Career staff members remain proud of the expertise, talent and professionalism that the agency can bring to bear in a crisis. But they see the agency’s situation clearly. One veteran researcher, who spoke on the condition of anonymity because he was not authorized to speak on the record, said Friday that morale is at an all-time low.
CDC Director Robert Redfield, appointed by Health and Human Services Secretary Alex Azar in 2018, is a well-known AIDS researcher who had never led an organization so large and complex. While his credentials are solid, he does not cut an effective, confidence-inspiring figure on television. He often speaks in a monotone, his eyes frequently closed.
President Trump directly contradicted the CDC chief this month after Redfield testified to Congress that a coronavirus vaccine would not be widely distributed until the middle of next year, similar to what other top officials have said. Trump said Redfield was “confused.”
The CDC declined to make Redfield available for an interview for this article.
Inside the CDC, staffers acknowledge Redfield’s limitations as a leader but are fearful that, if he is ousted or quits, the White House will install someone of a more distinctly political or ideological bent — such as Scott Atlas, a Stanford University neuroradiologist and Trump pandemic adviser. Atlas, who has said pandemic fears are overblown, has become a Trump favorite and has publicly criticized Redfield in recent days. Atlas has no experience in public health but attends all meetings of the White House coronavirus task force.
Moving to replace Redfield with someone such as Atlas would further erode morale and probably lead to resignations, staffers say.
Asked Friday whether Trump still had confidence in Redfield, the White House sidestepped the question.
“President Trump has always followed the science and done what was in the best interest of the American people,” White House press secretary Kayleigh McEnany said in a statement. “His early actions and therapeutic breakthroughs have saved American lives.”

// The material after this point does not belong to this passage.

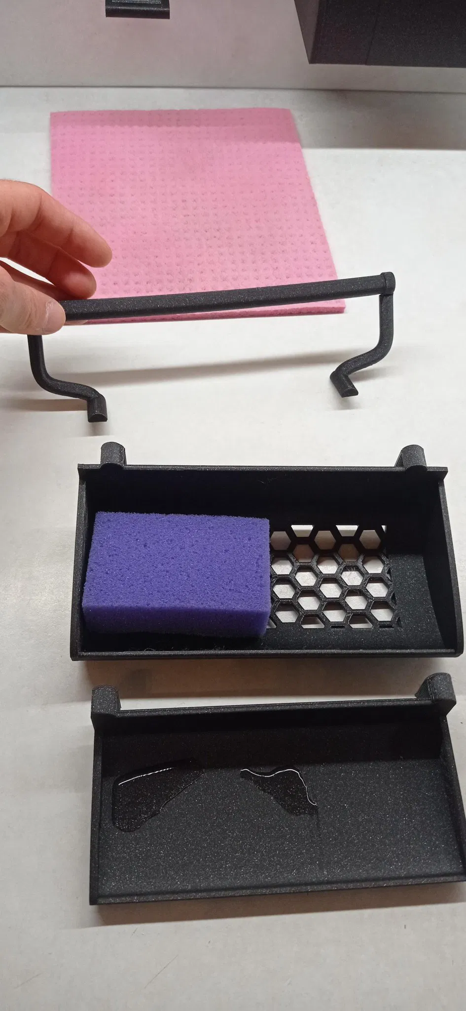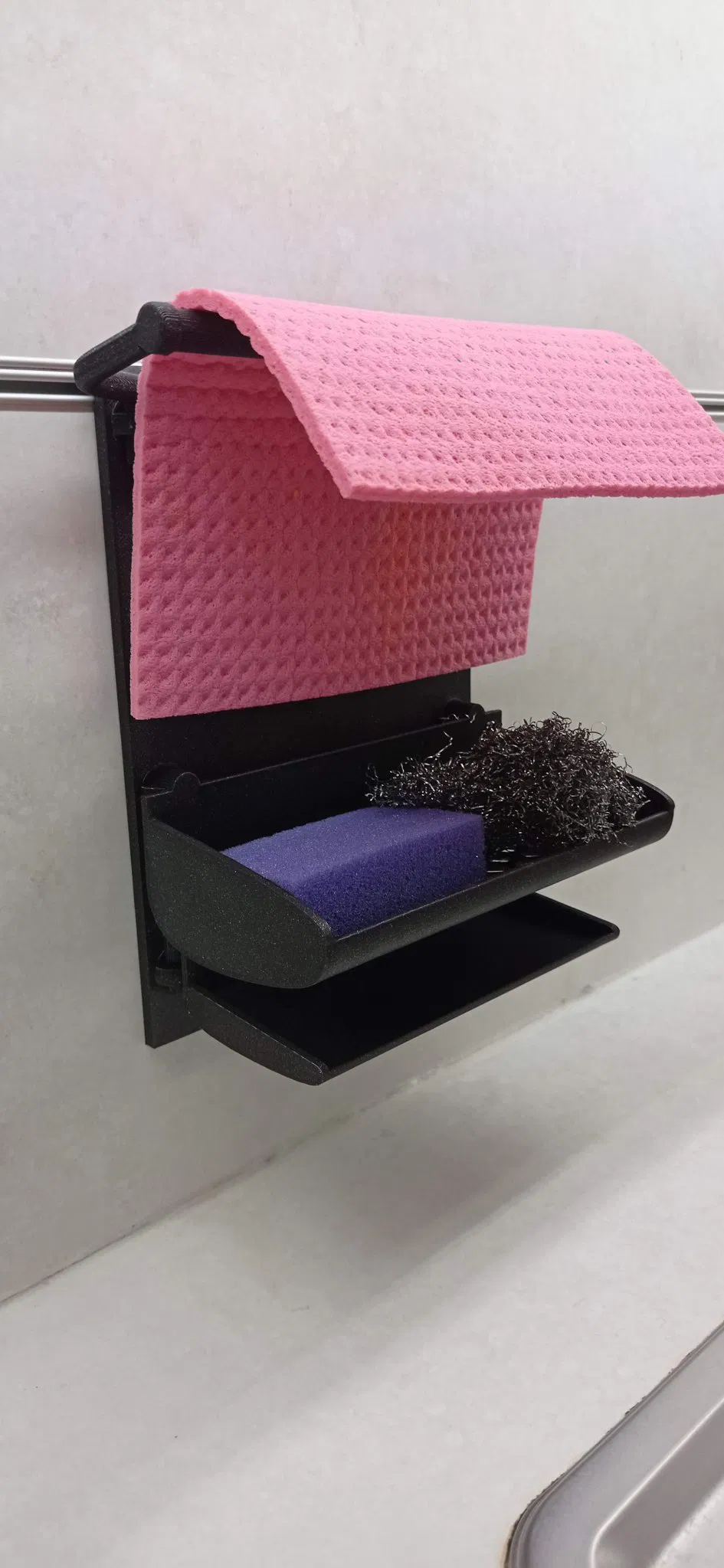 Giá đỡ đặc biệt và thanh lịch cho các loại bọt biển khác nhau dùng để rửa chén, giúp giữ chúng cách xa bề mặt. Được mô hình hóa thành các phần để dễ in và dễ rửa sạch.

A senior administration official who spoke on the condition of anonymity to share internal discussions noted that coronavirus task force members often have differing viewpoints: “President Trump takes these views into consultation and follows the science.”

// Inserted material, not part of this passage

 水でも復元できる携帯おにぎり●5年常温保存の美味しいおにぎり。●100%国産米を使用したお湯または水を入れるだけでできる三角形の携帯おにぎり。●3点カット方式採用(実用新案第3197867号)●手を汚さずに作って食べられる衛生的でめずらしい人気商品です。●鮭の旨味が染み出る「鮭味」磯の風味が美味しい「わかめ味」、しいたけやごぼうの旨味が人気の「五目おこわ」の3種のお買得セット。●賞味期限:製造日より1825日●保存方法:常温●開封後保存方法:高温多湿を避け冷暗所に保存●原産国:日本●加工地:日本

“The American people are fortunate to have Dr. Redfield leading the CDC,” HHS spokeswoman Katherine McKeogh said. CDC guidelines receive “appropriate attention, consultation and input” from task force experts, she said. “Throughout the COVID-19 response, science and data have driven the decisions at HHS.”
The timing of the CDC’s troubles could not be worse. The country is poised to embark on a vaccination campaign against the novel coronavirus, and although many federal, state and local agencies will play a role, the CDC has to lead the effort and persuade people to get their shots.
There is no precedent for a vaccine rollout of this scale, said Michael Fraser, chief executive of the Association of State and Territorial Health Officials. That’s why the CDC’s troubles are so inopportune.
“It’s just unnerving,” he said. “It comes at the worst time possible.”
Never has faith in a health agency mattered more, said Carlos del Rio, executive associate dean of Emory University School of Medicine in Atlanta.
“Nobody is trusting the CDC when we need to be trusting the CDC,” del Rio said. “When you lose trust, you are essentially crippled.”
Inside the CDC, officials say honest mistakes are now widely perceived as signs of something nefarious. The prime example: the aerosol fiasco.
On Sept. 18, with no fanfare, the CDC updated a page on its website that described how the coronavirus is spread. The new wording included a reference to aerosols — tiny particles that can float through the air, potentially a significant distance. Growing evidence exists that these aerosols play a role in the pandemic. To what extent is unknown and difficult to measure. The consensus is that larger respiratory droplets, such as those emitted by a cough or sneeze, are the main drivers of viral spread, not aerosols. The new guidance added aerosols as one of the potential mechanisms of transmission.
Amid a flurry of headlines suggesting that this was a major change, the CDC backtracked. On Sept. 21, the agency removed the new language, saying it was a rough draft that still needed to be reviewed.
“Unfortunately, an early draft of a revision went up without any technical review,” Jay Butler, the CDC’s deputy director for infectious diseases, told The Washington Post in a rare on-the-record interview. He said the agency feared the guidance, as written and initially posted, could be misinterpreted as suggesting that aerosols are the main cause of infections.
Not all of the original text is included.